Start of DATA EXTRACT
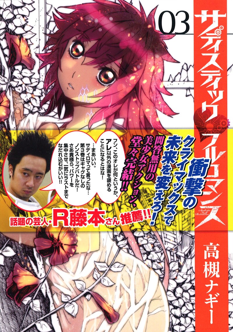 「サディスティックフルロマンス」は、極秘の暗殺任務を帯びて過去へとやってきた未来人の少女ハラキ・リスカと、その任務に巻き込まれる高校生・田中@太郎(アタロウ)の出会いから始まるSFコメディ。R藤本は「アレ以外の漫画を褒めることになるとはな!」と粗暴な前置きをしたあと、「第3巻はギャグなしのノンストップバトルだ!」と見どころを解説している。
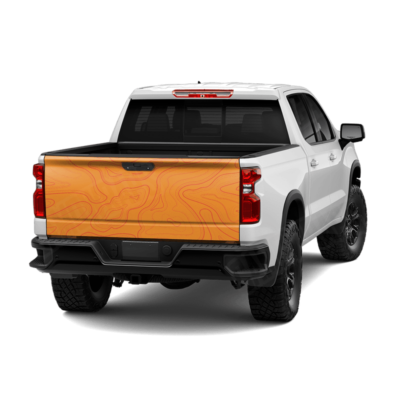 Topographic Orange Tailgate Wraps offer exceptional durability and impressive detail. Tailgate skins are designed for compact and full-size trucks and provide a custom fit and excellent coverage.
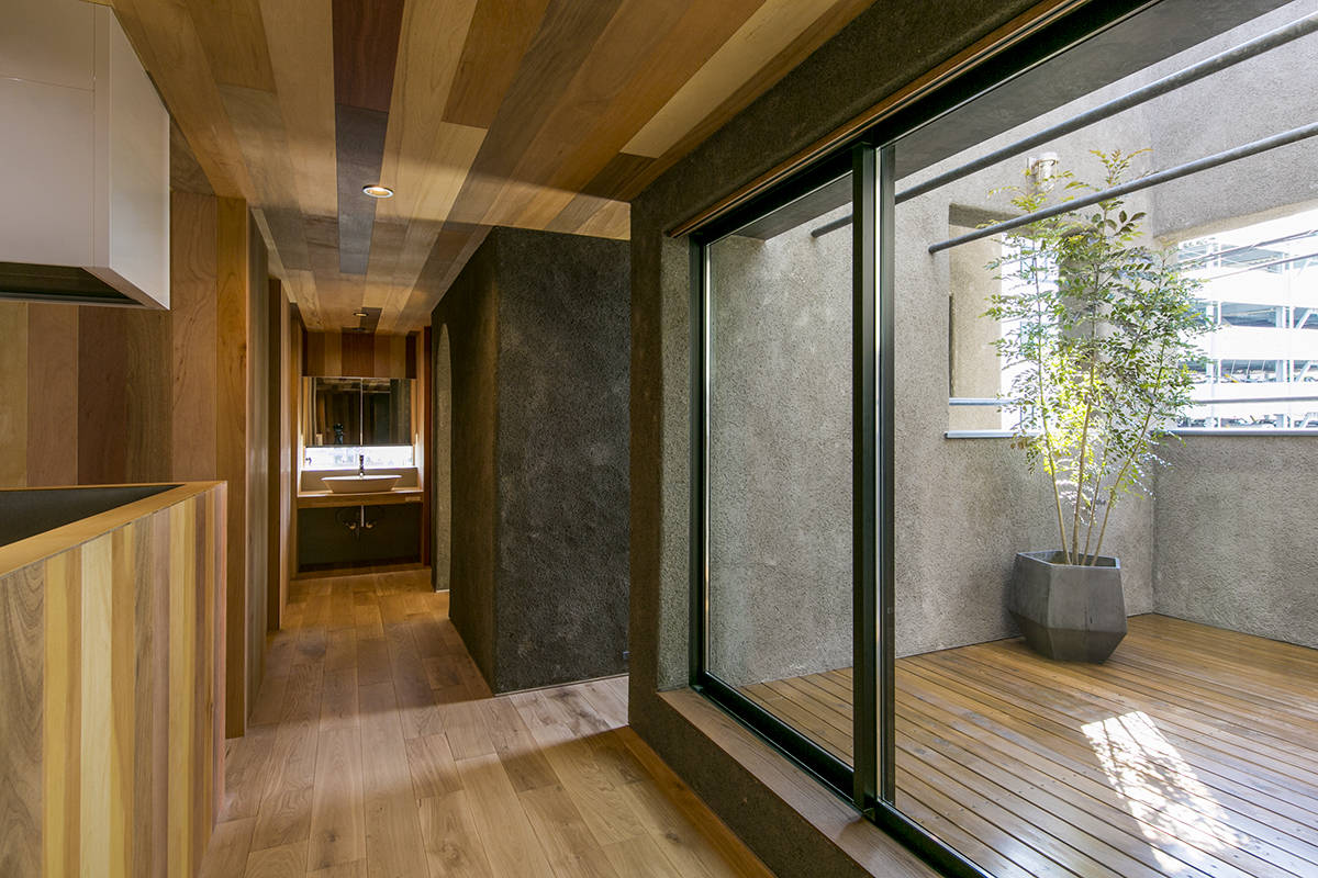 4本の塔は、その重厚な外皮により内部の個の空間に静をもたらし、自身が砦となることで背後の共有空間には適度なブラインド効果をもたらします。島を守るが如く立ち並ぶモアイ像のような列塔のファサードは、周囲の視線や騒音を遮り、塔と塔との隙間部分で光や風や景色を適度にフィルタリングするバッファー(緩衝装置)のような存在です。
End of DATA EXTRACT
# ACTIVITY
Output all lines above precisely. Pictures are to be left out.

# COMPLETED EXERCISE
 「サディスティックフルロマンス」は、極秘の暗殺任務を帯びて過去へとやってきた未来人の少女ハラキ・リスカと、その任務に巻き込まれる高校生・田中@太郎(アタロウ)の出会いから始まるSFコメディ。R藤本は「アレ以外の漫画を褒めることになるとはな!」と粗暴な前置きをしたあと、「第3巻はギャグなしのノンストップバトルだ!」と見どころを解説している。
 Topographic Orange Tailgate Wraps offer exceptional durability and impressive detail. Tailgate skins are designed for compact and full-size trucks and provide a custom fit and excellent coverage.
 4本の塔は、その重厚な外皮により内部の個の空間に静をもたらし、自身が砦となることで背後の共有空間には適度なブラインド効果をもたらします。島を守るが如く立ち並ぶモアイ像のような列塔のファサードは、周囲の視線や騒音を遮り、塔と塔との隙間部分で光や風や景色を適度にフィルタリングするバッファー(緩衝装置)のような存在です。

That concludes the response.